Шанецкая: А вы представляете себе, что Хилари Клинтон, если она, допустим, становится следующим президентом США, что она вдруг поднимает трубку телефонную и звонит президенту Путину.
Эндельман: Ну, я очень надеюсь на это.
Шанецкая: Понятно, что мы все на это надеемся, а если все-таки оценивать реальные шансы?
Эндельман: Я думаю, что она попробует. Вопрос, конечно, в том, будет ли президент Путин поднимать трубку телефонную и разговаривать с ней, и что именно он будет ей говорить. Проблема Хилари заключается в том, что Хилари — она целиком и полностью про Хилари, она про саму себя. Если она считает, что какое бы то ни было поведение или поступок может пойти ей лично на пользу, например, поможет сформировать какой-то образ или обозначить ее роль в истории, или принесет пользу ее президентству или американской внешней политике — она сделает это. Но я больше всего боюсь, и это то, чего я вообще боюсь относительно Хилари в качестве кандидата в президенты, что она всегда все делает, исходя из собственных интересов, личных. И это потенциально очень опасно.
Шанецкая: Но ее также видят как потенциально очень-очень жесткую по отношению к России. Вы с этим согласны? И если так, то чего нам-то ждать в том случае, если она вдруг станет следующим президентом?

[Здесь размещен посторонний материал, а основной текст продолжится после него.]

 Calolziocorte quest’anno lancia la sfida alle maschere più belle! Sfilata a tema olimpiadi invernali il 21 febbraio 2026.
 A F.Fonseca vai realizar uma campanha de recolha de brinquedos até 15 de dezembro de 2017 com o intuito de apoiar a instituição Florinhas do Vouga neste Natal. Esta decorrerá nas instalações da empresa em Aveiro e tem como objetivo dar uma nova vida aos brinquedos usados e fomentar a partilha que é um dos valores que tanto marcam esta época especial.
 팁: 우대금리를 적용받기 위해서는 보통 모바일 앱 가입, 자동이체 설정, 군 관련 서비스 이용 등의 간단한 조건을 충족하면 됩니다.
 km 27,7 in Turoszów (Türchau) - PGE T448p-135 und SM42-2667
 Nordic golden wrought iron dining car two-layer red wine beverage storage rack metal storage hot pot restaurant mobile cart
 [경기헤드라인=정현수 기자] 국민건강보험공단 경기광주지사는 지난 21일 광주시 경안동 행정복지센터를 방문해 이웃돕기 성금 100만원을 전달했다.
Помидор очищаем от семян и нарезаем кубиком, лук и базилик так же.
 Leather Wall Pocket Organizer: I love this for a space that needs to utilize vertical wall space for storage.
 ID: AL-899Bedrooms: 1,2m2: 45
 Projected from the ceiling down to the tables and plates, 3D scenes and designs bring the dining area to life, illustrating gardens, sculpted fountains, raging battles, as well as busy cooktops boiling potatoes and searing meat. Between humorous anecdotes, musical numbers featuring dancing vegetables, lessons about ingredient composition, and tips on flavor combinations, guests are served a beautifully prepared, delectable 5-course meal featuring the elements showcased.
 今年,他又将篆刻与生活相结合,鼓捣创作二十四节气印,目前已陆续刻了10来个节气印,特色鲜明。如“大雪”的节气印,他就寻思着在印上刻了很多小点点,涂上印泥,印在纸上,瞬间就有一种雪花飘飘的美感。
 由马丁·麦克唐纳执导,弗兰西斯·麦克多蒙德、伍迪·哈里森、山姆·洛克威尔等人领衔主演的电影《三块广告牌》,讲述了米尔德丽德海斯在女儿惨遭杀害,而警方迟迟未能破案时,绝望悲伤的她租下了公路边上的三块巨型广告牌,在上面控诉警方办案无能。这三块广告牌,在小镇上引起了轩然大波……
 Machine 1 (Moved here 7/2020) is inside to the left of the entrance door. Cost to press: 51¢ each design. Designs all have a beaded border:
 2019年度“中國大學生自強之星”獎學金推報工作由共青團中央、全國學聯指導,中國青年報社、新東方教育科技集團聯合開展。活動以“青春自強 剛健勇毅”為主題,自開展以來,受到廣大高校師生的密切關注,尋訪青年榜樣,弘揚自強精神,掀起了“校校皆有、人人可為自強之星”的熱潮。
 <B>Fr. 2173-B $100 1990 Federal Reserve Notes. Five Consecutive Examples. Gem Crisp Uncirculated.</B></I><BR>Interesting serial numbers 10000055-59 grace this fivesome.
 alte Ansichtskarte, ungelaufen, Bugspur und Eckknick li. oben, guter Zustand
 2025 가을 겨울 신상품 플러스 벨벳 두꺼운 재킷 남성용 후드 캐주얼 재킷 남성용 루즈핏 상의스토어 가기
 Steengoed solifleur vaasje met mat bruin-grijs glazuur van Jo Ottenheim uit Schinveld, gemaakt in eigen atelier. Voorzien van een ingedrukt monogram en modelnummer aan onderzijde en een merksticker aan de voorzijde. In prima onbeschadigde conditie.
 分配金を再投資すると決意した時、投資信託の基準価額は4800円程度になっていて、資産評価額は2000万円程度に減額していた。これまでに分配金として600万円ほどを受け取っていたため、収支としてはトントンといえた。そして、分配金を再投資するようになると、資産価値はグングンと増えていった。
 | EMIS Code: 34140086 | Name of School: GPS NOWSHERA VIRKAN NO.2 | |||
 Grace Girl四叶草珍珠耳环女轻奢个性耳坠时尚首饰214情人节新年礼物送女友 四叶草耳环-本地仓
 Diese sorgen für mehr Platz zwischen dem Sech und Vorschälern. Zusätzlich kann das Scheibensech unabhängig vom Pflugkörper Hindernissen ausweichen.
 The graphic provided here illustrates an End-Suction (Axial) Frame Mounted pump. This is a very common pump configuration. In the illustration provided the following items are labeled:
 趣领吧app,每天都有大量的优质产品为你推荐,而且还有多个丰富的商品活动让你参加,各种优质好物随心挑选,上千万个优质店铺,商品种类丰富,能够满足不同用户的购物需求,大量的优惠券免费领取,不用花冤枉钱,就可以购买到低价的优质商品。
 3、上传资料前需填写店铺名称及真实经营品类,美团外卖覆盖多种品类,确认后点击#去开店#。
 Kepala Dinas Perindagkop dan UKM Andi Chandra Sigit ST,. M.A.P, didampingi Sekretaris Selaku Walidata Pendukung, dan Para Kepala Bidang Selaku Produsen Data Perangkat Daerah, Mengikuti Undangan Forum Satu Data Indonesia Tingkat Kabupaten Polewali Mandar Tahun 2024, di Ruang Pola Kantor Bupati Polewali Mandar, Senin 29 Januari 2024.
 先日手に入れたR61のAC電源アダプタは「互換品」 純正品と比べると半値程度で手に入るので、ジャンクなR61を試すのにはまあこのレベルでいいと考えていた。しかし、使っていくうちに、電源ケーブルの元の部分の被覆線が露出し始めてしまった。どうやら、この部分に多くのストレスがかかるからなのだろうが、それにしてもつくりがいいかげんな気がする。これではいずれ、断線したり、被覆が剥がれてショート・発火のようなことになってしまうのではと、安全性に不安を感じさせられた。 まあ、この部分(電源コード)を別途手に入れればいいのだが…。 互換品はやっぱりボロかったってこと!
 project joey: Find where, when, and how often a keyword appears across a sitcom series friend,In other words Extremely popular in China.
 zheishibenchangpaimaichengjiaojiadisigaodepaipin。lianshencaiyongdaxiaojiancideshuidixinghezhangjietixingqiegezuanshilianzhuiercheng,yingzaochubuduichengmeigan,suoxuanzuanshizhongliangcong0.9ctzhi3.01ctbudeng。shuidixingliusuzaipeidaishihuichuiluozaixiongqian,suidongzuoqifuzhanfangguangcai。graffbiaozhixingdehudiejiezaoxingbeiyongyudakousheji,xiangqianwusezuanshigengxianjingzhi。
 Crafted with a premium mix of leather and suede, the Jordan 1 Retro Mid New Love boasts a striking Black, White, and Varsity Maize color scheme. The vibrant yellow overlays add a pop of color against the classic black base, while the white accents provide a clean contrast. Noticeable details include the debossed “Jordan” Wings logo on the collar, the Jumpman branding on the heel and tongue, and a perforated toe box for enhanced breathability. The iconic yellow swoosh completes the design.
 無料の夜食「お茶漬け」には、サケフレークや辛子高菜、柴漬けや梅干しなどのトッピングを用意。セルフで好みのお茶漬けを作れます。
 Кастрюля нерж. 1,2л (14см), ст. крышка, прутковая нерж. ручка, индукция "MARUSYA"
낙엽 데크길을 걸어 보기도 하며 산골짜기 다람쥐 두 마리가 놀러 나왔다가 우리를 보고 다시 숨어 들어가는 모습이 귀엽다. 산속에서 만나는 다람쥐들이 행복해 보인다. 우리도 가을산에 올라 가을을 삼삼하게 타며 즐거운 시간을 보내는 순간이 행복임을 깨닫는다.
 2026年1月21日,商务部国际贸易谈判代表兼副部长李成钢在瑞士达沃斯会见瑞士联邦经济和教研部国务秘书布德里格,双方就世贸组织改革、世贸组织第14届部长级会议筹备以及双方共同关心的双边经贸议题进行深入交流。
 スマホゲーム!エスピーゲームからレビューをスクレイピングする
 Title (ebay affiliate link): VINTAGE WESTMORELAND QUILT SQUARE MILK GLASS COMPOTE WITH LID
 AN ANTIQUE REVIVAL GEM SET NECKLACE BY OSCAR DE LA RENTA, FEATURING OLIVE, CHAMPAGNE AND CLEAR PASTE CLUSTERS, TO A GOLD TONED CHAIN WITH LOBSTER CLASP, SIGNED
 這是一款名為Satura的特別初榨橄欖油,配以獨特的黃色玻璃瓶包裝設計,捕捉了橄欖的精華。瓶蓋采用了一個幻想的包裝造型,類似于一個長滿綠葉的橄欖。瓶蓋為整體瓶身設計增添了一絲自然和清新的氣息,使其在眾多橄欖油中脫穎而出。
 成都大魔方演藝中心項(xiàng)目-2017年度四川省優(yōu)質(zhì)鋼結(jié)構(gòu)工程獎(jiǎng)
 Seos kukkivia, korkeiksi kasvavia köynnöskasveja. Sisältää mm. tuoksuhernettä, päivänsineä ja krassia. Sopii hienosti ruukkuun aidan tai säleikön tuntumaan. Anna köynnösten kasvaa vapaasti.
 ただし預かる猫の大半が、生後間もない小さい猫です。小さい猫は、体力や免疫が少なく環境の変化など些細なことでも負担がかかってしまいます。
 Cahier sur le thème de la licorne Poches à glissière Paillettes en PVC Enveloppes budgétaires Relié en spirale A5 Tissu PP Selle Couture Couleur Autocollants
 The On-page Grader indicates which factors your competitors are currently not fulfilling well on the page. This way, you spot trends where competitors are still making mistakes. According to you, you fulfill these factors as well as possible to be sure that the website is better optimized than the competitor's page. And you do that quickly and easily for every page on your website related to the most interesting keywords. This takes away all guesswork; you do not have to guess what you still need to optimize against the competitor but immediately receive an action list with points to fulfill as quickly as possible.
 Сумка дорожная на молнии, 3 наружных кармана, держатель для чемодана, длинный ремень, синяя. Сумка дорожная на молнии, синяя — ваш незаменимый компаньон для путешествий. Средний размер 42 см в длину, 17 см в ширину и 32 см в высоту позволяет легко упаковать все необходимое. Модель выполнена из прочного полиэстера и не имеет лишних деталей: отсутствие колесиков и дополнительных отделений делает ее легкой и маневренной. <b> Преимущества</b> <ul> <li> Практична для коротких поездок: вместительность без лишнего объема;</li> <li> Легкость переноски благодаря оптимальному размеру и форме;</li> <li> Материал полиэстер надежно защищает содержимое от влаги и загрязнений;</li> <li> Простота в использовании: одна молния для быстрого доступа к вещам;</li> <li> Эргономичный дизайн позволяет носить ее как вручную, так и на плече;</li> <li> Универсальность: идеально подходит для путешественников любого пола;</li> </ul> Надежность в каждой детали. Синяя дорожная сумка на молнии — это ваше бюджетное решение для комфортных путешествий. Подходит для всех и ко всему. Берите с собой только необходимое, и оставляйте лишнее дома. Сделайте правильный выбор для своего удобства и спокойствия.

Эндельман: Ну, я не знаю, может быть, она — наш Путин, надеюсь, что это не так. Я не думаю, что она будет очень жесткой по отношению к России только для того, чтобы быть жесткой по отношению к России. Смотрите, любой американский президент, по сути, хочет перезапустить отношения с Россией — начать с нуля.
Шанецкая: То есть, хочет нажать на эту кнопку «перезагрузка»?
Эндельман: Точно-точно, я это слово как раз и искал — перезагрузка. Совершенно очевидно, что она захочет нажать на кнопку перезагрузки. Проблема заключается в том, когда ты нажал на кнопку перезагрузки, она остается нажатой или обратно выскакивает? Вот в чем вопрос.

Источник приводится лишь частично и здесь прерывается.